_Problem description_
When you reach the line below that has "硬朗的仿古硬木家具让安静的家", start returning lines exactly, and stop after the line that has "MASAMUNEは、同社のノ"; skip the pictures.

(Dataset content)

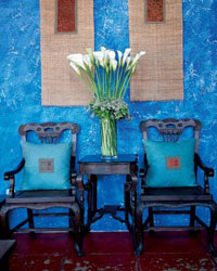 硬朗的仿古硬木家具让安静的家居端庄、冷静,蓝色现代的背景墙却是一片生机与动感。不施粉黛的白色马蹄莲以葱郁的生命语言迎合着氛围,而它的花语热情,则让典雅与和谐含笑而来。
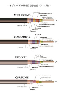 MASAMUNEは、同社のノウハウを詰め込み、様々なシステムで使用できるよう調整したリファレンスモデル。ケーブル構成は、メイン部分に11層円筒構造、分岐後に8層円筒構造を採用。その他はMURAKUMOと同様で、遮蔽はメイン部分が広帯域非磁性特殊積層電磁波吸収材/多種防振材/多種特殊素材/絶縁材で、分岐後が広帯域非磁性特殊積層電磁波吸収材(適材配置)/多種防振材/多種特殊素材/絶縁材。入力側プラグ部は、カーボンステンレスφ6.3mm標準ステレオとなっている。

(End Dataset content)
(Dataset content)

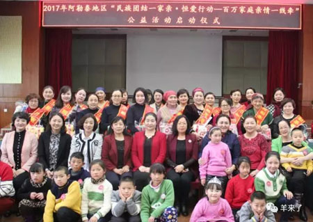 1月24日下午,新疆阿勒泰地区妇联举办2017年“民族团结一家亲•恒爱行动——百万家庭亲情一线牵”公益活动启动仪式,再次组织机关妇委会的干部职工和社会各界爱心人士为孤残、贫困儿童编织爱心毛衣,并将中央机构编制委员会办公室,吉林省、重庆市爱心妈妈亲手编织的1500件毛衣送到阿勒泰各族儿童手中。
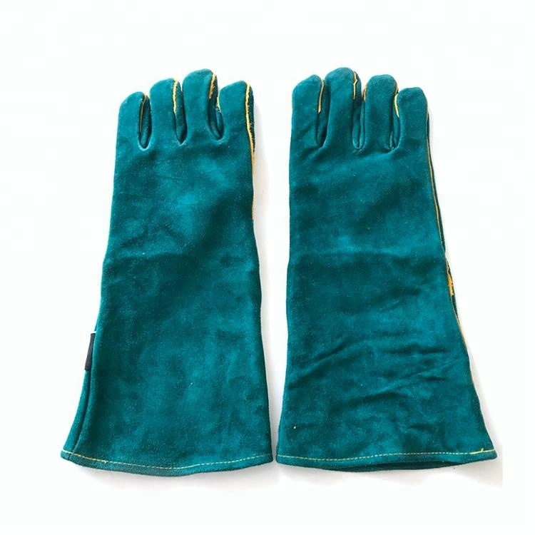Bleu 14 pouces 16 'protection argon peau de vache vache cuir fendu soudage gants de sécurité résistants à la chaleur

(End Dataset content)

_Completed task_
 硬朗的仿古硬木家具让安静的家居端庄、冷静,蓝色现代的背景墙却是一片生机与动感。不施粉黛的白色马蹄莲以葱郁的生命语言迎合着氛围,而它的花语热情,则让典雅与和谐含笑而来。
 MASAMUNEは、同社のノウハウを詰め込み、様々なシステムで使用できるよう調整したリファレンスモデル。ケーブル構成は、メイン部分に11層円筒構造、分岐後に8層円筒構造を採用。その他はMURAKUMOと同様で、遮蔽はメイン部分が広帯域非磁性特殊積層電磁波吸収材/多種防振材/多種特殊素材/絶縁材で、分岐後が広帯域非磁性特殊積層電磁波吸収材(適材配置)/多種防振材/多種特殊素材/絶縁材。入力側プラグ部は、カーボンステンレスφ6.3mm標準ステレオとなっている。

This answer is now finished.